Now, some of these might have been RULED over by a foreign sovereign at some point, but were SO backwater, that there was not mass migration. How about Venosa/Venusia, Rossano, the small towns around Benevento, etc. There are thousands. If a town was founded by Roman colonists but remained a backwater two-mule town with c. 3000 residents, it wasn’t a center of the slave trade, immigration, or a plumb that foreigners coveted. Visit those towns. You’ll see they have brown hair and brown eyes.

Back by popular demand, I will address some of the comments.

First, someone above made the good point that I may have lessened the impact of my original post with 9 valid points and 1 dog. Or 8 valid points and 2 dogs. If that is so, I apologize to the Truth. Because the Truth ought to come out, regardless of me screwing up a point or two. The rest of my points, however, remain valid.
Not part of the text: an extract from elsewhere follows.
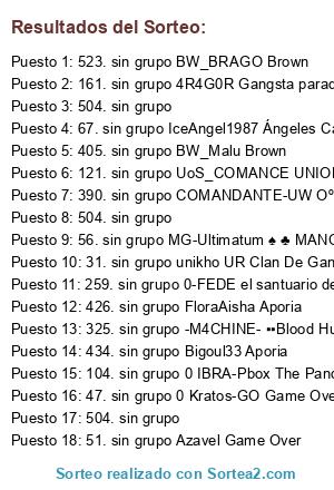 Lista de participantes: 1. sin grupo mega th The Hoolligans, 2. sin grupo Underwold_10 equipo legendario, 3. sin grupo (-- Derde_ ▓Delírium trémens▓, 4. sin grupo UNIRSE_ ↓....Tyrant Virus,,,,↓, 5. sin grupo Jorge_its, 6. sin grupo Dark_Pegasus ~~El Rincon De la Perla~~, 7. sin grupo the marine 15 The Hoolligans, 8. sin grupo 0 SkySword The Pandora´s Box, 9. sin grupo Mordreut Internacionalistas, 10. sin grupo unoderute-int Internacionalistas, 11. sin grupo mamr29 Internacionalistas, 12. sin grupo Saylara_SB clan de ur, 13. sin grupo Fabio CunhaUR, 14. sin grupo Strongermx †..::¡F34R!::..†, 15. sin grupo king brother The Hoolligans, 16. sin grupo all (et) ☩ El Templo ☩, 17. sin grupo 0 HamersleY 0 El Ekipo A., 18. sin grupo CC_C3r3al [•Clintz City•], 19. sin grupo Ager CC [•Clintz City•], 20. sin grupo CC Renardus [•Clintz City•], 21. sin grupo Exc-Ademar The Hoolligans, 22. sin grupo -A-Ignacius, 23. sin grupo emi-gar-007 Game Over, 24. sin grupo CC_Trang-Oul [•Clintz City•], 25. sin grupo Cazador GO Game Over, 26. sin grupo V-Corvo Unidos hasta el final, 27. sin grupo Lord-James Friends Of Fate, 28. sin grupo richi007008 Unidos hasta el final, 29. sin grupo - Elmas - Las Murallas, 30. sin grupo WITHOUT SHADO **** MANAGERS TEAN ****, 31. sin grupo unikho UR Clan De Ganadores, 32. sin grupo LDS-Elmo ₪ ₪ Los Diablos₪ ₪, 33. sin grupo infrenom La Asamblea, 34. sin grupo lord infierno, 35. sin grupo -NO-salban Discipulos de Jako, 36. sin grupo Di-erika DRAGONES IBEROS, 37. sin grupo 0-divas Ángeles Caídos, 38. sin grupo PV_tiranica Pistachia vera, 39. sin grupo AS-NORTE-PV Pistachia vera, 40. sin grupo TD_0wN3r La Taverne de Dionysos, 41. sin grupo OLY-Ricking7 Olympie(c), 42. sin grupo DCL lezard69 Demain c'est loin, 43. sin grupo PA_Montezuma Piratas do Atlântico, 44. sin grupo urkhan_ADV Auberge des voyageurs, 45. sin grupo asesinobrutal La Asamblea, 46. sin grupo Tyrael_(PV) Pistachia vera, 47. sin grupo 0 Kratos-GO Game Over, 48. sin grupo FD_Coyote Eternal Dragons, 49. sin grupo Brunno47 LIBERTADORES DA AMÉRICA, 50. sin grupo -Spam- Crépuscule, 51. sin grupo Azavel Game Over, 52. sin grupo --Pro0xy-- GMF Darkness Guild, 53. sin grupo PAD_Pedro PAD_LUSITANIA, 54. sin grupo SCI Tit Louis Coconuts Island, 55. sin grupo LPB-Vyper13, 56. sin grupo MG-Ultimatum ♠ ♣ MANO GANADORA ♠ ♣, 57. sin grupo m4ti4ssSs, 58. sin grupo monje_oscuro el santuario de athenea, 59. sin grupo - TARABAS Kill Em All, 60. sin grupo Kiroka Game Over, 61. sin grupo - Over - Penumbra, 62. sin grupo Don--Montana Gwardia, 63. sin grupo -ZioB- Pistachia vera, 64. sin grupo NoxikTGK "Rim Tim" Team, 65. sin grupo -MG DaxteR- ♠ ♣ MANO GANADORA ♠ ♣, 66. sin grupo - M I L O -, 67. sin grupo IceAngel1987 Ángeles Caídos, 68. sin grupo daBid DC Desobediencia civil, 69. sin grupo CaRlOoZ Mexican power!, 70. sin grupo -alexpunk- DRAGONES IBEROS, 71. sin grupo Jester Gloomy The Pandora´s Box, 72. sin grupo DI tello ♦◊۩ La AℓiaηZa ۩◊♦, 73. sin grupo Maxesar Game Over, 74. sin grupo 0 LuisFe Bumping Team, 75. sin grupo rusodestroyer Game Over, 76. sin grupo Joel B Zona Zero®, 77. sin grupo Zesack Lords of Clint City, 78. sin grupo BH Joseluy ▪▪Blood Hunters▪▪, 79. sin grupo DSG CRACK Magic Urban, 80. sin grupo psix71 Incvizitor, 81. sin grupo DI_vizcarra DRAGONES IBEROS, 82. sin grupo KsiadzMalkav Kill Em All, 83. sin grupo mihalll7_UM URBAN MADNESS, 84. sin grupo TH-depin The Hoolligans, 85. sin grupo DI-Skreen DRAGONES IBEROS, 86. sin grupo JM_Vega, 87. sin grupo Urpes {CG} UR Clan De Ganadores, 88. sin grupo para13 †..::¡F34R!::..†, 89. sin grupo el vencedorGO LA HERMANDAD, 90. sin grupo jororge01 ▪▪Blood Hunters▪▪, 91. sin grupo -Hexio(L)Ax2 LA UNIION, 92. sin grupo -SuGu- LA UNIION, 93. sin grupo superauwolf _Injection_, 94. sin grupo janis2202 Game Over, 95. sin grupo Katastros009 Desobediencia civil, 96. sin grupo FD_Tiui Eternal Dragons, 97. sin grupo FanDiElo Street Owners, 98. sin grupo 0 Pikachu UW Oº°‘¨ Unnatural Warriors ¨‘°ºO, 99. sin grupo -WUAN- ▓Delírium trémens▓, 100. sin grupo Rastek DRAGONES IBEROS, 101. sin grupo Asuna-sama Pistachia vera, 102. sin grupo -NiiCk, 103. sin grupo IL KAOS UNION OF THE SUPREMES, 104. sin grupo 0 IBRA-Pbox The Pandora´s Box, 105. sin grupo (Em)_neidd ELECTRONIC MUSIC, 106. sin grupo Gledez Urban Tigers, 107. sin grupo o_0Weed Usual Suspects, 108. sin grupo monkey-D-mrcs The Hoolligans, 109. sin grupo xBrutal158x Sondorongo might, 110. sin grupo UoS_shark UNION OF THE SUPREMES, 111. sin grupo zodiaco22, 112. sin grupo Uos_Emme UNION OF THE SUPREMES, 113. sin grupo -Zudomon- Heaven Destroyer, 114. sin grupo HD_Shooter Heaven Destroyer, 115. sin grupo 0 Poker Penumbra, 116. sin grupo FMA Aigis FMA The Brotherhood, 117. sin grupo FMA Camu FMA The Brotherhood, 118. sin grupo G4BRY P0N7E Discovery, 119. sin grupo BH_Oni_Sasuke ▪▪Blood Hunters▪▪, 120. sin grupo orizzontezero El Dorado, 121. sin grupo UoS_COMANCE UNION OF THE SUPREMES, 122. sin grupo Lolipox Fuzz¥on, 123. sin grupo UoS_Drakhy01 UNION OF THE SUPREMES, 124. sin grupo HDGangrelSoul Heaven Destroyer, 125. sin grupo Don TM E X C A L I B U R, 126. sin grupo 0ld Mauri Old Drop, 127. sin grupo SUPER GOLDONE, 128. sin grupo 0 Nikita ATLANTIDE, 129. sin grupo 0 Ciruko UR Clan De Ganadores, 130. sin grupo Antxon-Int Internacionalistas, 131. sin grupo Luiiz VP, 132. sin grupo Damix Inferno ~~El Rincon De la Perla~~, 133. sin grupo nueva leyenda equipo legendario, 134. sin grupo Popenekino Escena Unica, 135. sin grupo AR - MellaNie ▓Delírium trémens▓, 136. sin grupo {W-S} kevin Warriors of Shadows, 137. sin grupo DI_HOMER DRAGONES IBEROS, 138. sin grupo OG-Dogg Urban Gangs, 139. sin grupo NV-Legolas230 NOVA, 140. sin grupo Dyxon (ET) ☩ El Templo ☩, 141. sin grupo -Sawako- Urban Gangs, 142. sin grupo {GN}Vorakha Guardia de la Noche, 143. sin grupo zaraki d The Hoolligans, 144. sin grupo el gasofa The H

The bottom line is: to believe the Nordicist’s conception of Ancient Greeks and Romans, one has to believe the following:

  1. Ancient Greeks (i.e., say 1000 BC to 1 BC) were blonde, blue-eyed, and fair before historical miscegenation events (i.e., the Ottoman (Turkish) Empire, which lasted until 1918 A.D. and ruled Greece for quite some time).

  2. Ancient Romans (i.e., say 500 BC to 400 A.D., using very round numbers) were blonde, blue-eyed, and fair, before they imported so darn many Greek slaves.
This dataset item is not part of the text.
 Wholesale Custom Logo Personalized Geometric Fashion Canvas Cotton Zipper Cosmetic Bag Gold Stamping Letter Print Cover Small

Do you see the inherent invalidity in those statements? The very people who claim Ancient Romans were fair and Nordic looking also claim that Ancient Greeks were fair and Nordic looking. The explanation those people give for why the Romans no longer look as fair as they used to is that the Romans mixed with large number of Greeks, i.e., Ancient Greeks, the same people that these uh, not so bright people claim were also fair and Nordic looking.

Think about it. The theory is simply untenable.

Next!

I always laugh at those who talk about how statutes of Romans “look.” First of all, you cannot tell coloring from a statue. Statutes of Augustus make him look like any Caucasian. A long face and a big nose. Some people purport he looks Nordic. Yet the sources that describe him also state that his eyebrows met above his nose, i.e., that he had a unibrow. Know any blondes with unibrows? Didn’t think so.

You can’t tell coloring from a statue.

Secondly, and here is the biggest point: Roman statues were IDEALIZED. That is, they made folks look like they had more regular features than they had. Now I’m not saying that Italians are ugly or anything. But by and large, they have bigger noses and bigger jaws than more Northern populations. The statues tend to reduce these things to go for a more uniform, idealized look. If you don’t know this, you’ve never studied Art History. Ah well.

Finally, I challenge folks to Google statues of “pure” Romans such as Portius Cato and Marcus Agrippa. They are indistinguishable from any average Southern Italian you might see, today when it comes to facial shape and facial features. Imagine the statutes with brown hair. You have a modern Italian. Plain and simple.

:dubious: My understanding of Roman sculpture is that it was the opposite of what you assert. Roman sculpture was known for its more realistic approach, especially compared to Greek sculpture.

Take a look at this bust of Cato the elder, it doesn’t look very idealized.

I think that the ancient Romans were very similar in appearance to the modern Italians once you take clothing, hair styles and other such matters into account.

I would point out that you see quite a few blondes in Italy and light colored eyes weren’t uncommon either then or now.

You want a couple of tissues after all that?